Recommendations on the tool descriptions

The before/after for tool descriptions is visible in the same way. The descriptions are filled out more thoroughly, and they explicitly call out the possibility of parallel use with the other sub-agent — phrases like "Often used alongside news_agent" and "Often used alongside weather_agent".

A/B test for effect validation

To verify that the Recommendations output actually moves the needle, I ran an A/B test as well.

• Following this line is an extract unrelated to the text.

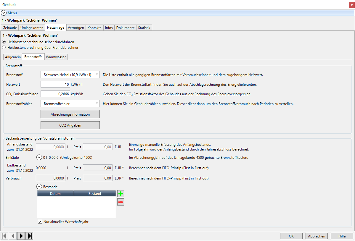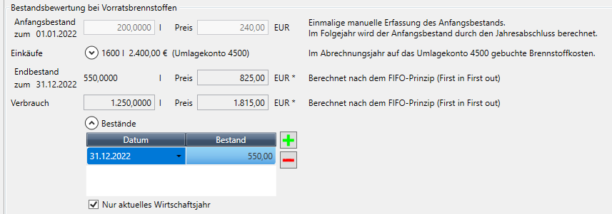 Bei Vorratsbrennstoffen (= Öl, Pellets etc.) müssen die abzurechnenden Anfangs- und Endbestände im Abrechnungsjahr angegeben werden. Es wird in diesem Fall der Bereich Bestandsbewertung bei Vorratsbrennstoffen mit entsprechenden Eingabefeldern eingeblendet (siehe unten).

Control variant (C): bundle version with the human-authored prompt and tool descriptions
Treatment variant (T1): bundle version with the Recommendations output applied
Traffic split: 50/50 (sticky session-to-variant assignment by session ID)
Online Evaluator: Builtin.GoalSuccessRate
Traffic volume: 8 queries × 5 rounds = 40 sessions

To run the A/B test you need an HTTP Gateway and an Online evaluation config. The HTTP Gateway has to be added by hand to httpGateways in agentcore.json (no add subcommand seems to exist for it at the moment). The Online evaluation config is added with agentcore add online-eval.

"httpGateways": [
  {
    "name": "agentsAsToolsLabGateway",
    "runtimeRef": "agentsAsToolsLab"
  }
]

agentcore add online-eval

Then add the A/B test itself and register everything in one go with deploy.

agentcore add ab-test
agentcore deploy

Traffic generation is done by POSTing to the AgentCore Gateway URL with SigV4 auth. agentcore invoke hits the Runtime directly, so for the A/B test we have to go through the Gateway URL. Here's the script I used:

GATEWAY_URL = "https://agentsastoolslabgateway-XXXXX.gateway.bedrock-agentcore.us-west-2.amazonaws.com/agentsAsToolsLab/invocations"
credentials = Session().get_credentials()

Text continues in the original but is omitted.